◆ TO DO ◆
Looking through the data below, work out how many lines have the word "This". Reply with that number only.

+++ EXERCISE INPUT +++

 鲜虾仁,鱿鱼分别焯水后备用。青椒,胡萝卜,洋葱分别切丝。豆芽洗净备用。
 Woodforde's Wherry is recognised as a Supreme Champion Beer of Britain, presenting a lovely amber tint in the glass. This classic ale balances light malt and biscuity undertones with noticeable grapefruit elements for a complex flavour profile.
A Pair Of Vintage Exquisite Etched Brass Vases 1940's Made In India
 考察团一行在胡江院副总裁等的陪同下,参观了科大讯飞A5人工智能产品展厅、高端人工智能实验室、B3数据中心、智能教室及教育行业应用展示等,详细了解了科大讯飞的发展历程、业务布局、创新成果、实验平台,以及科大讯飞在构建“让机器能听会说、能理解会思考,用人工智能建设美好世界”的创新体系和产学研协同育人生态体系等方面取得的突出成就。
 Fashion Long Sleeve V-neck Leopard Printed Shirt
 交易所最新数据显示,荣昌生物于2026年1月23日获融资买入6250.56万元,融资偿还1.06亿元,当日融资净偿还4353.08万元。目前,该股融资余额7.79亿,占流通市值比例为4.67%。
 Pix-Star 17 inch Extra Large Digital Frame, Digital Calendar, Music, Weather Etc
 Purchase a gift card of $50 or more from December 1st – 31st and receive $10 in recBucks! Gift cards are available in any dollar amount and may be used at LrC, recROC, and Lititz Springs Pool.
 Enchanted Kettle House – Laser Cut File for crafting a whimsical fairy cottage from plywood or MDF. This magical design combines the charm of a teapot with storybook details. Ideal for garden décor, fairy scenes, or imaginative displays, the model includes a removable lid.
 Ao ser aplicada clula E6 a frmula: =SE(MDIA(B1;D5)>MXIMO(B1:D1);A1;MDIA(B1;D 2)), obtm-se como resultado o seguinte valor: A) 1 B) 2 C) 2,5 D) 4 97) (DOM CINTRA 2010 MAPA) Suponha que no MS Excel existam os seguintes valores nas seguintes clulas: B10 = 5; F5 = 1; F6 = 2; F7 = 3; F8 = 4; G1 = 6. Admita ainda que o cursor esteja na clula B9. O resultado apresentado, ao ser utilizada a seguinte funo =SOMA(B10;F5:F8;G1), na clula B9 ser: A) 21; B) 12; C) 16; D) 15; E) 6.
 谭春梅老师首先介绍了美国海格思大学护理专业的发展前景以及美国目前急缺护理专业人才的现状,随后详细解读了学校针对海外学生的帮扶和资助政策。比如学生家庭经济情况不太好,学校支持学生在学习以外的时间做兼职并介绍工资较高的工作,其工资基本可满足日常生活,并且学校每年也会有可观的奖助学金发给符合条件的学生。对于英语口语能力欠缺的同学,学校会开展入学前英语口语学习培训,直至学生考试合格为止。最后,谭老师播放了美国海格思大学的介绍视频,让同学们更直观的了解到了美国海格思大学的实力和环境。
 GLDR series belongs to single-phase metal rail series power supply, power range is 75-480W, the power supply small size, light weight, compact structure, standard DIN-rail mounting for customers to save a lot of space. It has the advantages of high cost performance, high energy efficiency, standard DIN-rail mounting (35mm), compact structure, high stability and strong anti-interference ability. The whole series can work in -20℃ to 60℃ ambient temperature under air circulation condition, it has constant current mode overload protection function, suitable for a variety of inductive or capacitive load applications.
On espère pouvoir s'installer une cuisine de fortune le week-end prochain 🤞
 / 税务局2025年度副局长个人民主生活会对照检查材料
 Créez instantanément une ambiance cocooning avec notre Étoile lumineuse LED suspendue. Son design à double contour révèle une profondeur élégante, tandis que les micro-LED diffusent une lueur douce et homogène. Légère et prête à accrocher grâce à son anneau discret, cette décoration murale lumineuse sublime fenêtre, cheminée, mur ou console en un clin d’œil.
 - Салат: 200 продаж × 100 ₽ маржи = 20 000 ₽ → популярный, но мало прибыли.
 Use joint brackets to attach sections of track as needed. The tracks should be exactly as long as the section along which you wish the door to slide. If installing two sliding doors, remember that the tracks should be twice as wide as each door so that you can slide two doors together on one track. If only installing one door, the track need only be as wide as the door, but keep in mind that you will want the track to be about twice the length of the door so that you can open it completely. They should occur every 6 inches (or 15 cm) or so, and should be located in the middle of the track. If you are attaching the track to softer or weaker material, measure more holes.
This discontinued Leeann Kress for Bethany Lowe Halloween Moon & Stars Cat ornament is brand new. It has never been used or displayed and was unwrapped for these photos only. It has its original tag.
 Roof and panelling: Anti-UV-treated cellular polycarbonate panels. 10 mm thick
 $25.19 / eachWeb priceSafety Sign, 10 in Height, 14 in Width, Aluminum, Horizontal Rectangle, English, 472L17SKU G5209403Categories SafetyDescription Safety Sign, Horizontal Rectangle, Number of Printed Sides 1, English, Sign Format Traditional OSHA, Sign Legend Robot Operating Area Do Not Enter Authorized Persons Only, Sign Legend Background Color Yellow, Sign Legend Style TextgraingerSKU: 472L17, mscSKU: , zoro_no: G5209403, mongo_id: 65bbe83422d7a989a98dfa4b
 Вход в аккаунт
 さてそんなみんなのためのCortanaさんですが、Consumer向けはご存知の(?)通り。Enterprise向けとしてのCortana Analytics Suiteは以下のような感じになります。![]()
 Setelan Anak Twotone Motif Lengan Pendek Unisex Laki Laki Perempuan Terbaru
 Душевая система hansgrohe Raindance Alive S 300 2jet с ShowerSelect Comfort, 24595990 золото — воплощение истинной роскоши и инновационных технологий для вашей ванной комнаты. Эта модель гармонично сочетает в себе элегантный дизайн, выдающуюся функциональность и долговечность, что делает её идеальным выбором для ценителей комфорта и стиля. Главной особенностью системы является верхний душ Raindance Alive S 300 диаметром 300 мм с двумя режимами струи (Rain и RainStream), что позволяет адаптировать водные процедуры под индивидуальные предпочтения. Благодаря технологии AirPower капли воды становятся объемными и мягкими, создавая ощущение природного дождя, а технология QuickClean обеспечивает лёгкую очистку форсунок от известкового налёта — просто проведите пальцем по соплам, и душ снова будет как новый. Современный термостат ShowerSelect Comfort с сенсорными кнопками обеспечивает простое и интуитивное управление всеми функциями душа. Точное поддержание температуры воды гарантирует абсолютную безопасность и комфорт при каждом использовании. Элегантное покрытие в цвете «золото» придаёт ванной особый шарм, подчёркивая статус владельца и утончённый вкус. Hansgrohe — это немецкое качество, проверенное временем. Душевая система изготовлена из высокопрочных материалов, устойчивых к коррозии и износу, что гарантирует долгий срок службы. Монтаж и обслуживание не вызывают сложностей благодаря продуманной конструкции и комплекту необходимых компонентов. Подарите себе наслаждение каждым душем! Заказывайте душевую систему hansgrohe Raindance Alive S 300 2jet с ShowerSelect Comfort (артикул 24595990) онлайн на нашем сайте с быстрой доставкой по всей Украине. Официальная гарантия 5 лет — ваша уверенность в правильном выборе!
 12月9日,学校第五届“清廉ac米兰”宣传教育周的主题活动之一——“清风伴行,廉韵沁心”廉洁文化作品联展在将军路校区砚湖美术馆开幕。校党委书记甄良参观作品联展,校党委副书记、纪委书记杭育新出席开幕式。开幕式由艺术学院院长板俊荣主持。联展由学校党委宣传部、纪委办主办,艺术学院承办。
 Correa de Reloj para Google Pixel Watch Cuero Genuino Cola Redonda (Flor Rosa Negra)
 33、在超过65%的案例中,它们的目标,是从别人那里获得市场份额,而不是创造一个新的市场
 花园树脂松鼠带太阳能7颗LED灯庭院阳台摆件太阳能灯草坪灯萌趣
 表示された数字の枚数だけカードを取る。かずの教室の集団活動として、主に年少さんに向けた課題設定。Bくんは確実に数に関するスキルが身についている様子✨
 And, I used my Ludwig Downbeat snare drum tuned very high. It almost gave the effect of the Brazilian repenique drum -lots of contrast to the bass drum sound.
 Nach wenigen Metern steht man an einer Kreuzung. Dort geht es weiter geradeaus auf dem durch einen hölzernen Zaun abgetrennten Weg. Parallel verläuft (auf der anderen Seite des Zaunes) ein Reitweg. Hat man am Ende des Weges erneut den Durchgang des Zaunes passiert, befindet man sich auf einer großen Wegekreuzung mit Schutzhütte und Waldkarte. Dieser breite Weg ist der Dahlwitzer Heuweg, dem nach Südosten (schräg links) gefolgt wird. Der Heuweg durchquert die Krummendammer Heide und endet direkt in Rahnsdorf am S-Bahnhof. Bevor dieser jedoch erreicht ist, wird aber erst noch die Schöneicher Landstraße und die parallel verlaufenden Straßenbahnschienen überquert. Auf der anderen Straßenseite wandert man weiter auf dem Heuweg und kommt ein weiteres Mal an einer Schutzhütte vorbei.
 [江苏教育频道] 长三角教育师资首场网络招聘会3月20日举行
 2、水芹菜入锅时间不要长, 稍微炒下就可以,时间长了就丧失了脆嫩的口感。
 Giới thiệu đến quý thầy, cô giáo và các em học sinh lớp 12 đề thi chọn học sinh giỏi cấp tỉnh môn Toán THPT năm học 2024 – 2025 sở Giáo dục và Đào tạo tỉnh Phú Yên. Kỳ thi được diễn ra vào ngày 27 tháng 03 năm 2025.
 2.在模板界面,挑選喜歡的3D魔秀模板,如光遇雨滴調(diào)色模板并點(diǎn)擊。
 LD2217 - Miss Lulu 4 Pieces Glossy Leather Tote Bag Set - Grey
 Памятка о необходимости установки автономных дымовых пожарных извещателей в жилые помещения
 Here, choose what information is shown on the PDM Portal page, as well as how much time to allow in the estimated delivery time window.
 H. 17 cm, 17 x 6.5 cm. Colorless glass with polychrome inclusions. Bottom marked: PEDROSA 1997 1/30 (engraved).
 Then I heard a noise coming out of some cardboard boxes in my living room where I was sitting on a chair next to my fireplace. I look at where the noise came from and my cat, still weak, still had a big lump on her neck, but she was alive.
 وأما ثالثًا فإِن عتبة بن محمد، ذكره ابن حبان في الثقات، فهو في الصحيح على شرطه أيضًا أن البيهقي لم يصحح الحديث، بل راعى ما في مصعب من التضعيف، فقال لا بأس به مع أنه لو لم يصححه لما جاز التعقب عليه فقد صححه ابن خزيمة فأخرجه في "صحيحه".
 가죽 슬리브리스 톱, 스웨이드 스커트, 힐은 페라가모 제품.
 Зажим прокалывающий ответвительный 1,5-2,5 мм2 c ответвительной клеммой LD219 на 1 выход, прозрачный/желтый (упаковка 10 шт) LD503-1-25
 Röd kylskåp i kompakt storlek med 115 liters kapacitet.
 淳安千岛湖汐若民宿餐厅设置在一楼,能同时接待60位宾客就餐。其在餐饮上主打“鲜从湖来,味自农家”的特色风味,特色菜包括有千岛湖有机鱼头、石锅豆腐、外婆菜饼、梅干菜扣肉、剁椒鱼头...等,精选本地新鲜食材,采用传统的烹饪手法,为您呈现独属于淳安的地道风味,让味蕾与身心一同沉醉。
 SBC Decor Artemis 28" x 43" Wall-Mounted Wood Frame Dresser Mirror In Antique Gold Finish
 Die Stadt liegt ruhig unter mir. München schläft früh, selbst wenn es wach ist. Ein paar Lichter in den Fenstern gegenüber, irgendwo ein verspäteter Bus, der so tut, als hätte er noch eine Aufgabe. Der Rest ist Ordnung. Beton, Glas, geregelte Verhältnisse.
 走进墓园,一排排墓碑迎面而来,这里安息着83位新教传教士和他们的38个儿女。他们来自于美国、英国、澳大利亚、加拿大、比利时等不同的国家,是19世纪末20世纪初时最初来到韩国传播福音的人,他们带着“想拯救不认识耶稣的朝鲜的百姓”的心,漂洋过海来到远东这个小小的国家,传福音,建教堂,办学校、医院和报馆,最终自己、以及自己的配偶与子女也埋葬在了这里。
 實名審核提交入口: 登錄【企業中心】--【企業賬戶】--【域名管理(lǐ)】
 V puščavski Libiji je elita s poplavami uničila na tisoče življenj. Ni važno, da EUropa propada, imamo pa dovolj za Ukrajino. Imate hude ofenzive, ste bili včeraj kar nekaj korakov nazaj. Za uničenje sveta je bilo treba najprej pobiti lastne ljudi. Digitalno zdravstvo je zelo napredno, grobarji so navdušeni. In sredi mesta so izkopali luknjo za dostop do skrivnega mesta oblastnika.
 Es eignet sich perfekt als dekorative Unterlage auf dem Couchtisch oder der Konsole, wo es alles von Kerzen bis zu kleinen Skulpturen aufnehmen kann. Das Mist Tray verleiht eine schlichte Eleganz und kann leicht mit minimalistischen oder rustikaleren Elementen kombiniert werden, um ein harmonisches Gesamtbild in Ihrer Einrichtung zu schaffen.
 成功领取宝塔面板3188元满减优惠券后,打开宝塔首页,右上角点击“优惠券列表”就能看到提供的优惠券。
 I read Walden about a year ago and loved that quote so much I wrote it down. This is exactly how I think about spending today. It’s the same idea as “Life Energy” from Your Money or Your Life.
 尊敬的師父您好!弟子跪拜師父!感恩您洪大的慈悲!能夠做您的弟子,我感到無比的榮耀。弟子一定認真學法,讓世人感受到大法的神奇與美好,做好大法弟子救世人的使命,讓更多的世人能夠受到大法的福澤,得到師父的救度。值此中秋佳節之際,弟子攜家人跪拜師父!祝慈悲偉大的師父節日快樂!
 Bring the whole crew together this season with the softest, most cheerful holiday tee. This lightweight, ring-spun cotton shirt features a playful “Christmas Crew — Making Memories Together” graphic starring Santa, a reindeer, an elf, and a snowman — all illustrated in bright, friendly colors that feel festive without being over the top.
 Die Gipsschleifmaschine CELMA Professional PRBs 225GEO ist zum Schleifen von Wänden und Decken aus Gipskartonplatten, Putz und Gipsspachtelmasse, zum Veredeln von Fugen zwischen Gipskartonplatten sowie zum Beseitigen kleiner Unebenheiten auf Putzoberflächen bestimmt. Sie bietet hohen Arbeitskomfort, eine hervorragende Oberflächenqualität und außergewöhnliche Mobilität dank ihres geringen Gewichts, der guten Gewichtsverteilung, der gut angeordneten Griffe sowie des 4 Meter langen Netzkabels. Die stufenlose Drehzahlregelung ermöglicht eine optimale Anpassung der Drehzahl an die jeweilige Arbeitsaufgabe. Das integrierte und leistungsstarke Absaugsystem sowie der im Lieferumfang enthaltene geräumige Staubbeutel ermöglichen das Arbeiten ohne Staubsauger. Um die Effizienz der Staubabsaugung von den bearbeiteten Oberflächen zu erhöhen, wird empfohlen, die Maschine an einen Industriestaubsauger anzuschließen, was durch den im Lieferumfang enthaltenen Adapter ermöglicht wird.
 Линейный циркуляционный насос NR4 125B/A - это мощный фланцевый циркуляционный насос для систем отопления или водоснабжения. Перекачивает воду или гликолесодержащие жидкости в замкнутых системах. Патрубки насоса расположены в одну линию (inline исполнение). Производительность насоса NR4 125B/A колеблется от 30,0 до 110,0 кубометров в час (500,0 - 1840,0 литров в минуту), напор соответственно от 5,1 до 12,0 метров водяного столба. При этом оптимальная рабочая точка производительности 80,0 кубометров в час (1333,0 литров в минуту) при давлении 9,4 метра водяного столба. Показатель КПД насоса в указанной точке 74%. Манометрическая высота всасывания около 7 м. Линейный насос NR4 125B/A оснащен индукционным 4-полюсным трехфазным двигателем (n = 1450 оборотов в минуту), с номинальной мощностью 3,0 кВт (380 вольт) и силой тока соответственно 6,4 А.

+++

◆ WRITTEN ANSWER ◆
5